### PROBLEM
The records below must be repeated exactly, but without their pictures.

====== DATA SUPPLIED

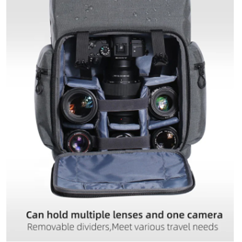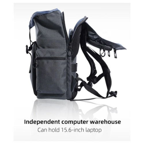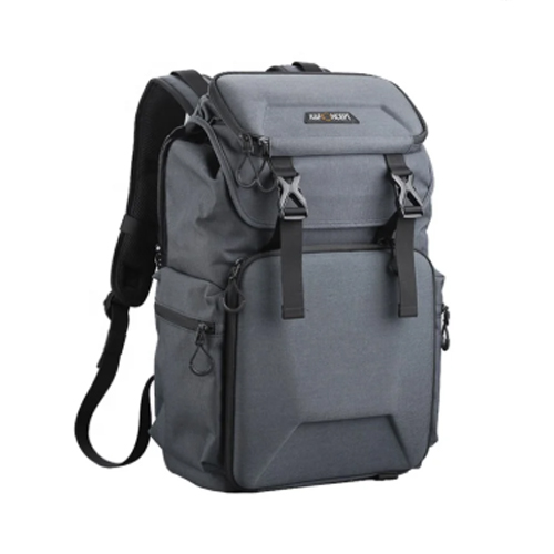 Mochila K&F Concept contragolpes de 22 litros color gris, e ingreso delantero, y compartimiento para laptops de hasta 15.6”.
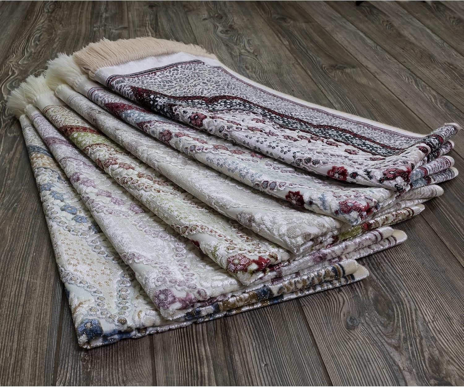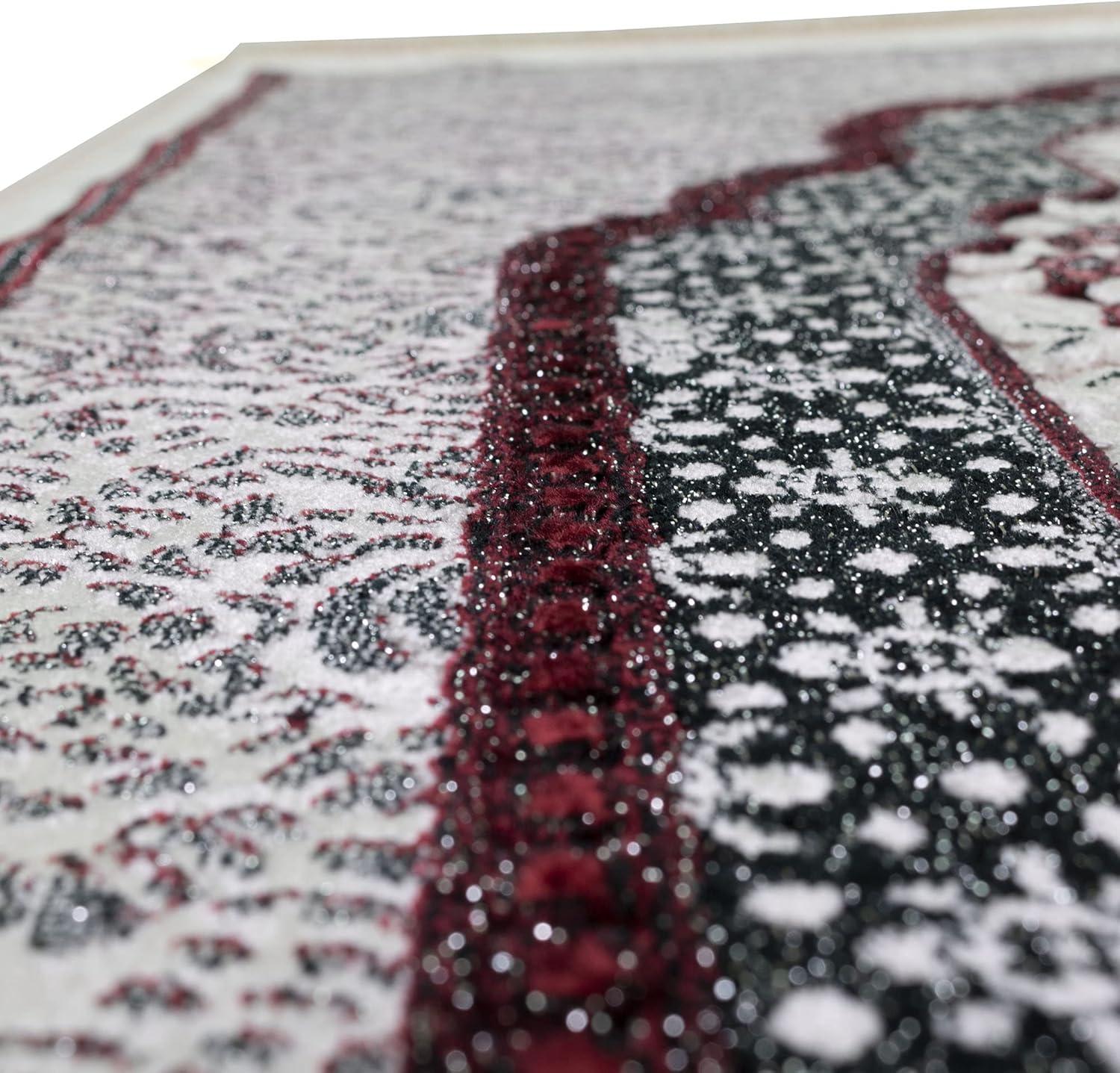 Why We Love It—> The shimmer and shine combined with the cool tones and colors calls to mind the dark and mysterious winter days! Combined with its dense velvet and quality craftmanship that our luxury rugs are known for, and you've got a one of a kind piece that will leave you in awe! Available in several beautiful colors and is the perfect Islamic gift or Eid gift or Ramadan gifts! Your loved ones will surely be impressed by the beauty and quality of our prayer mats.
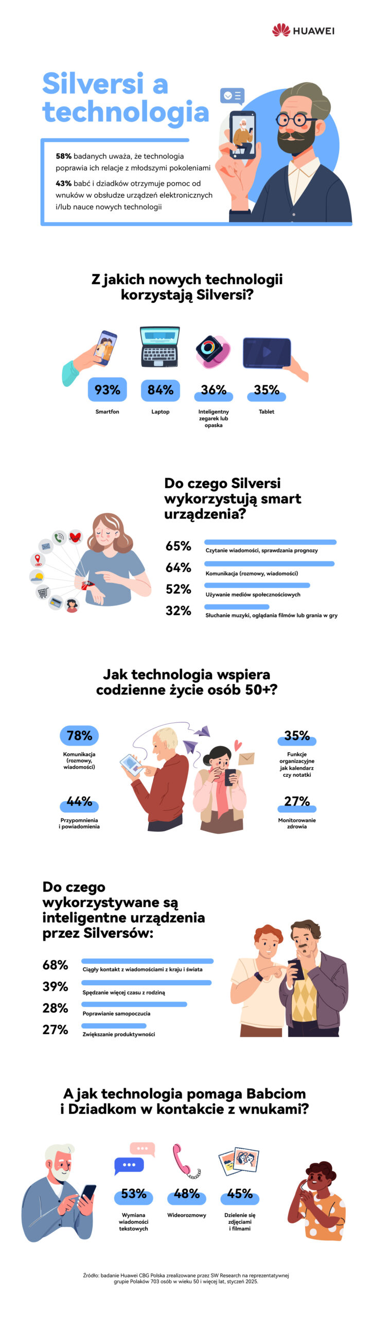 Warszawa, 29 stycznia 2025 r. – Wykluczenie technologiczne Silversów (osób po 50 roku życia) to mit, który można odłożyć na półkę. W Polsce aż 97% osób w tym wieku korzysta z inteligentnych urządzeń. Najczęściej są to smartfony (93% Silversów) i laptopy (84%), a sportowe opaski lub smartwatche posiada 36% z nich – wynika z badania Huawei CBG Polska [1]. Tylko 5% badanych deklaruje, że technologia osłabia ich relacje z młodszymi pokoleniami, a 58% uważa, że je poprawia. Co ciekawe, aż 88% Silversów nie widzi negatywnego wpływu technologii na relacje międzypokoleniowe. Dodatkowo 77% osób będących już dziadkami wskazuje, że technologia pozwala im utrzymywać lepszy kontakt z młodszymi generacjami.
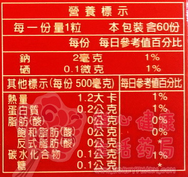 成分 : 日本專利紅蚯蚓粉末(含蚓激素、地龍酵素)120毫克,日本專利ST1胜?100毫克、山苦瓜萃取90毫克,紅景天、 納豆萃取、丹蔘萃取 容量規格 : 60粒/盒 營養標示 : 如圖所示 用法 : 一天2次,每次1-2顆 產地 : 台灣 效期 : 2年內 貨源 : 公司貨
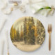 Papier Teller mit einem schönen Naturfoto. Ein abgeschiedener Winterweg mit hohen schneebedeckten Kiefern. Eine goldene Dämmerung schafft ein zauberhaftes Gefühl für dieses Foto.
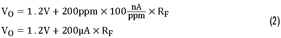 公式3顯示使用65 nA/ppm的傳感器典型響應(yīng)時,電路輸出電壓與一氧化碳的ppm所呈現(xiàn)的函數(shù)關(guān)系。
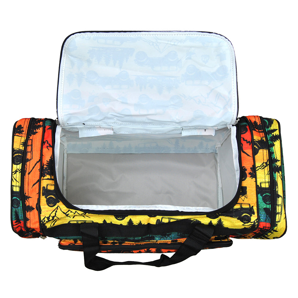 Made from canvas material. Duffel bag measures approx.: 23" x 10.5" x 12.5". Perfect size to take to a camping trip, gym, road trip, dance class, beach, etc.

============

### EXERCISE RESPONSE
 Mochila K&F Concept contragolpes de 22 litros color gris, e ingreso delantero, y compartimiento para laptops de hasta 15.6”.
 Why We Love It—> The shimmer and shine combined with the cool tones and colors calls to mind the dark and mysterious winter days! Combined with its dense velvet and quality craftmanship that our luxury rugs are known for, and you've got a one of a kind piece that will leave you in awe! Available in several beautiful colors and is the perfect Islamic gift or Eid gift or Ramadan gifts! Your loved ones will surely be impressed by the beauty and quality of our prayer mats.
 Warszawa, 29 stycznia 2025 r. – Wykluczenie technologiczne Silversów (osób po 50 roku życia) to mit, który można odłożyć na półkę. W Polsce aż 97% osób w tym wieku korzysta z inteligentnych urządzeń. Najczęściej są to smartfony (93% Silversów) i laptopy (84%), a sportowe opaski lub smartwatche posiada 36% z nich – wynika z badania Huawei CBG Polska [1]. Tylko 5% badanych deklaruje, że technologia osłabia ich relacje z młodszymi pokoleniami, a 58% uważa, że je poprawia. Co ciekawe, aż 88% Silversów nie widzi negatywnego wpływu technologii na relacje międzypokoleniowe. Dodatkowo 77% osób będących już dziadkami wskazuje, że technologia pozwala im utrzymywać lepszy kontakt z młodszymi generacjami.
 成分 : 日本專利紅蚯蚓粉末(含蚓激素、地龍酵素)120毫克,日本專利ST1胜?100毫克、山苦瓜萃取90毫克,紅景天、 納豆萃取、丹蔘萃取 容量規格 : 60粒/盒 營養標示 : 如圖所示 用法 : 一天2次,每次1-2顆 產地 : 台灣 效期 : 2年內 貨源 : 公司貨
 Papier Teller mit einem schönen Naturfoto. Ein abgeschiedener Winterweg mit hohen schneebedeckten Kiefern. Eine goldene Dämmerung schafft ein zauberhaftes Gefühl für dieses Foto.
 公式3顯示使用65 nA/ppm的傳感器典型響應(yīng)時,電路輸出電壓與一氧化碳的ppm所呈現(xiàn)的函數(shù)關(guān)系。
 Made from canvas material. Duffel bag measures approx.: 23" x 10.5" x 12.5". Perfect size to take to a camping trip, gym, road trip, dance class, beach, etc.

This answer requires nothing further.